Вересков потирал руки, а когда Игумнов умолк, он спросил:
– А что, Анатоль, признайся, было приятно его таким увидеть? Бердяева…
– Не это главное, Грегуар. Мы расспросили о Каблукове.
– И что? Что он сказал? – оживился Лазарев.
– Переписывались они еще до войны.
– Да, – подтвердил Шершнев, – письма показывал…
– Кое-что проясняется, – забормотал Грегуар.
– А как вам показалось, – спросил Лазарев у Шершнева, – он письма наготове держал? Достал на всякий случай? Или он их достал, чтобы перечитать?..
– Возможно, они были под рукой, потому что он перечитывал их, – предположил Игумнов, – или свои ответы читал… Он же, как все мудрые люди, делает копии своих ответов…
– Честно говоря, – сказал Шершнев, – у меня возникло впечатление, что Бердяев взволновался, когда прозвучало имя Каблукова.
Лазарев не унимался:
– А пачка была перетянута тесьмой? Или письма были уже распакованы?
Ни Серж, ни Игумнов не смогли ответить на этот вопрос.
– Письма были длинные?
– Длинные, но мы их не читали, естественно, – сказал Игумнов.
– Письма Каблукова были длинные, ровный крупный почерк. Настойчивый человек, маниакальный, – сказал Серж. – Я успел разглядеть кое-что. Каблуков писал от имени какого-то общества или ассоциации…
– «Наш путь», – сказал неожиданно Крушевский, все посмотрели на него. – Я отыскал ее. К-к-к-к… Каблуков был к-к-к… корреспондент газеты «Наш путь». Я их нашел… много… в Скворечне…
– Что?
– «Наш путь»?
– Не может того быть…
Крушевский пообещал принести несколько экземпляров.
– ВФП[154]
, значит. Во как! – Лазарев встал и пошел ходить. – Интересно, интересно. Как вдруг все развернулось в противоположную сторону! Не находите?– Да, многие развернулись похожим образом, – сказал Игумнов. – Не стоит отвлекаться, господа! С Бердяевым все ясно. Надо двигаться дальше…
2
– Мсье
Мсье
– Мсье
Не оглядываясь, я знаю, что за мной бежит советский репортер из посольства, – он, наверное, тоже на собрание, которое устраивает Игумнов, будь оно проклято. Неужели придется ползти вдвоем…
– Вы меня?
– Да.
– В чем дело, мой друг?
– Мне нужна ваша помощь.
– Моя? А что я могу?
– Мне нельзя возвращаться в посольство. Они прислали за мной человека. Якобы с моими документами. Я сбежал. Понимаете? Это все. Точка. С концами. Остаюсь. Не еду. Понимаете? Мне нужно куда-то, хотя бы сегодня…
– Вы серьезно?
– Совершенно серьезно. Я давно решил, но не думал, что это случится сегодня. Думал, пойду схожу на собрание, приготовил блокнот, запасся карандашами, думаю, посижу, попишу, а тут мне говорят, что приехал из СССР человек, полковник, с моими документами… Слушайте, я его видел. Это палач. Он приехал меня отконвоировать. Такие приезжают только из одного места: из НКВД. И он меня повезет на Лубянку. Больше никуда. Моя песенка спета, мсье Альфред. Я сбежал прямо из-под носа. Сказал, я соберу вещи, и выскочил за машиной на проходной, вот так. Тютелька в тютельку.

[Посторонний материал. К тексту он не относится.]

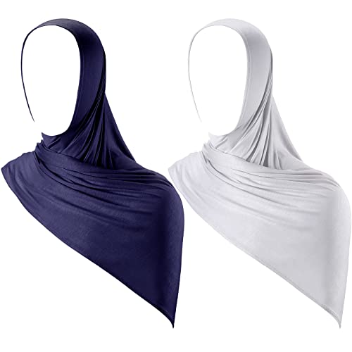 2 st Instant Hijab Jersey Hijab för kvinnor muslimsk huvudscarf lätt lång mjuk hijab sjal stretch enfärgad halsduk wrap, Marinblå, grå, about 66 x 31.5 inches
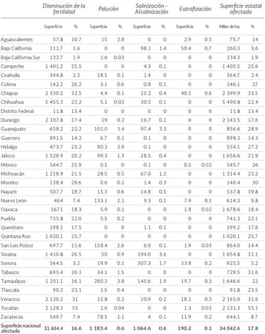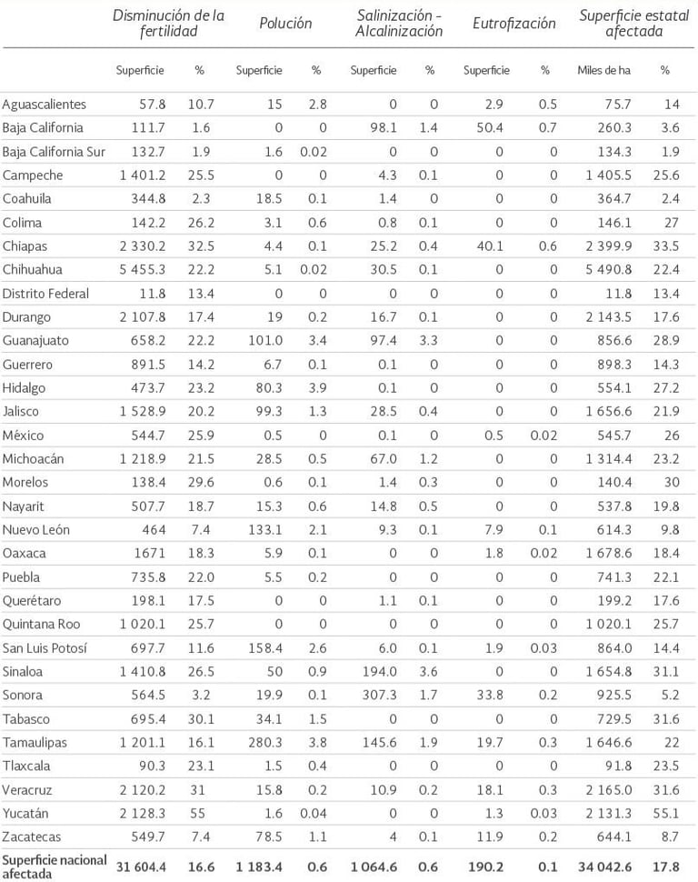 Cuadro 1. Superficie química según tipo por entidad. (Semarnat, 2016, pág. 175)
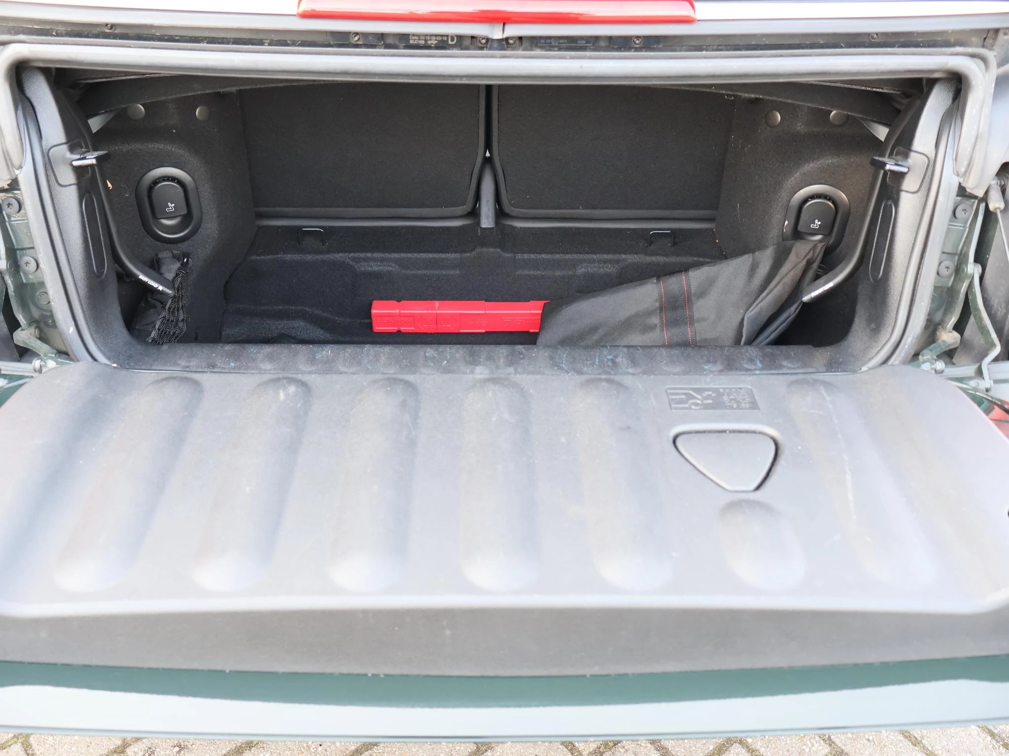 Origineel Nederlandse MINI Cabrio 2.0 John Cooper Works 231 PK automaat in het Rebel Green, RDW nieuwprijs 59.687 euro, Bijzonder compleet met JCW Sportstoelen, Adaptive cruise control, Harman/Kardon premium audio, Apple Carplay / Android Auto, Achteruitrijcamera, Keyless-entry en keyless-drive, Full LED koplampen en LED achterlichten, Zwarte striping met rode accenten, Stoelverwarming, Elektronische voorruitverwarming, DAB digitale radio, Bluetooth, Climate control, Sfeerverlichting interieur met verschillende kleuren, Rode grille en buitenspiegels, Union Jack achterlichten, Union Jack dashboard inleg.
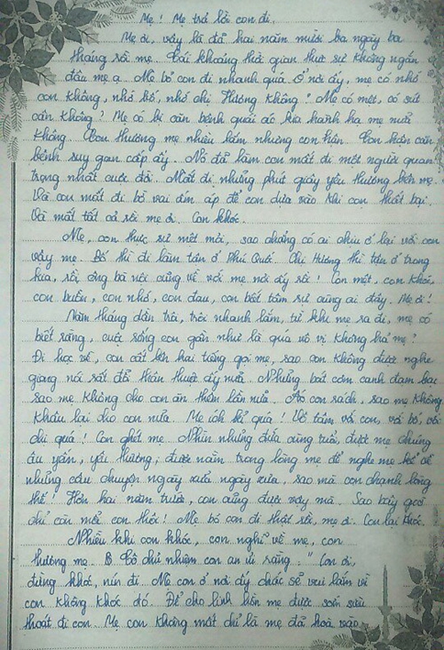 Mẹ ạ, nếu mẹ đọc được bức thư này mẹ hãy về trong giấc mơ của con nhé mẹ. Con yêu mẹ nhiều lắm. Con nhớ mẹ nhiều lắm. Mẹ ơi, con chỉ mong rằng linh hồn mẹ sớm được siêu thoát nên từ bây giờ con sẽ cố gắng không khóc, sẽ làm cho mẹ vui, làm cho mẹ nhanh khỏi bệnh. Nơi ấy, mẹ hãy giữ gìn sức khỏe, mẹ của con nhé! Và một điều cuối cùng con nói rằng: “Kiếp sau, dù sao đi nữa, mẹ sẽ mãi là mẹ của con. Con thương mẹ nhiều". Con cám ơn mẹ.

– Стойте, вам нельзя на собрание. Там наверняка будут из посольства.
– О чем и речь. Я о том же. Мне куда-то надо идти. А некуда! Не успел подготовить себе берлогу. Эх, знал бы, так соломки постелил…
– Ну, это решаемо. Мой адрес помните?
– Да, я был у вас. Rue de la Pompe! Но это опасно… Шестнадцатый аррондисман…
– На первое время сойдет. Так, я вам сейчас напишу. Дойдете до Триумфальной арки, а там спросите. Вы же чуть-чуть говорите? Ну, вот вам записка Руте, то есть пани Шиманской, так и зовите ее, понятно?
– Так точно. Я и по-польски могу.
– Не пытайтесь с ней заигрывать, она замужем.
– Как можно.
– Сегодня переночуете у меня, завтра начнем думать. Я задержусь скорей всего до ночи. Говорят, Тредубов дает небольшой фуршет у себя после встречи, пани вас покормит.
– Обойдусь. Спасибо вам, мсье Альфред!
– Спасибо скажете, когда все уладится. Bon, à tout à l'heure.
– Á tout à l'heure!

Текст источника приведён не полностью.